Some ANZAC-themed NZ Children’s Books
This has been an ANZAC week on the blog, from acknowledging ANZAC Day itself on Monday, through ANZAC-themed poetry on Tuesday, to yesterday and the famous ANZAC Memorial penned by M. Kemal Atatürk in 1934.
On Monday, I reflected on the dearth of ANZAC novels in the century that has elapsed since WW1, and the 71 years since WW2 ended. However, I’ve continued to check out what’s available and am pleased to have identified a few more ANZAC-themed children’s novels that have been published over the past few years.
These include Pippa Werry’s Best Mates (2014), a children’s picture book that tells the story of three friends who enlist in the ANZAC corps and end up fighting at Gallipoli.
David Hill has written two ANZAC-themed books for Junior readers (9-12 year olds.) My Brother’s War (2012) follows two NZ brothers in WW1, one of whom enlists as a soldier, while the other is a conscientious objector—paths that lead both of them to the trenches in France.
Enemy Camp (2016) focuses on NZ’s WW2 history, and the incident at the Featherston prisoner-of-war camp that resulted in the deaths of one guard and forty-eight Japanese prisoners.

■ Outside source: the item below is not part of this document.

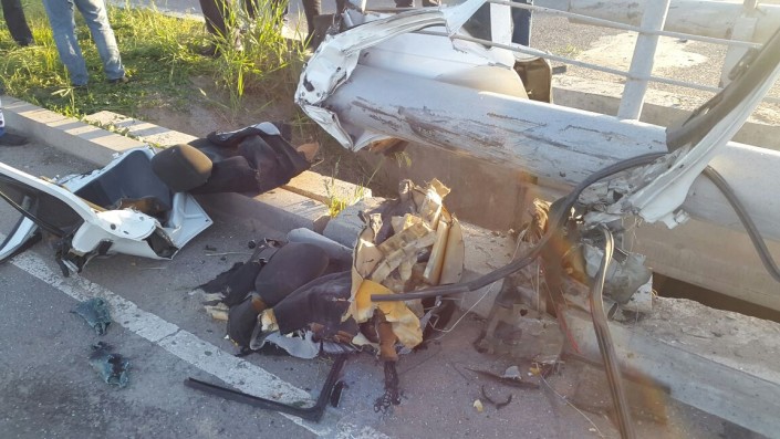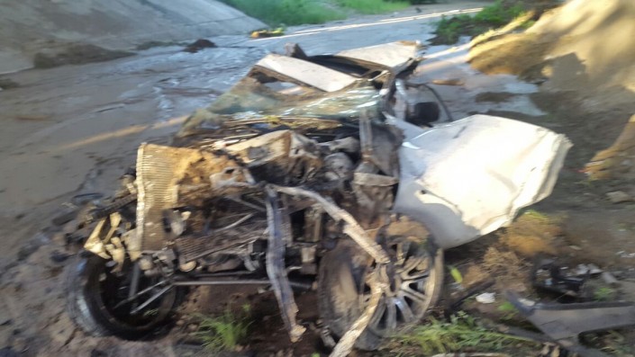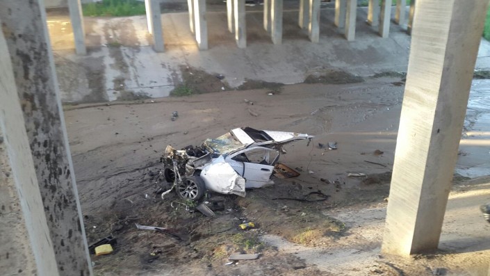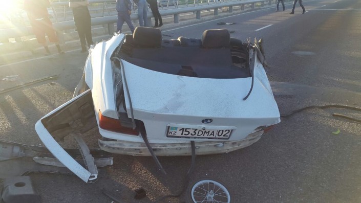 Авария произошла на мосту по улице Момышулы. Не доезжая до поворота на поселок Боралдай, водитель авто не справился с управлением и влетел в металлическое ограждение. От удара BMW буквально разорвало пополам. Переднюю часть автомашины отбросило в речку.

Susan Brocker’s Brave Bess and the ANZAC Horses (2010) is a fictionalized account of Bess, one of only four NZ horses shipped overseas with WW1 mounted troops that returned home to NZ. 1914: Riding Into War (2014), also by Susan Brocker, follows three young men in a mounted rifle regiment that are separated from their horses when they are sent to Gallipoli from North Africa, in 1914.
So definitely a few more books for children than I could initially identify, exploring and interpreting NZ’s ANZAC history through fiction.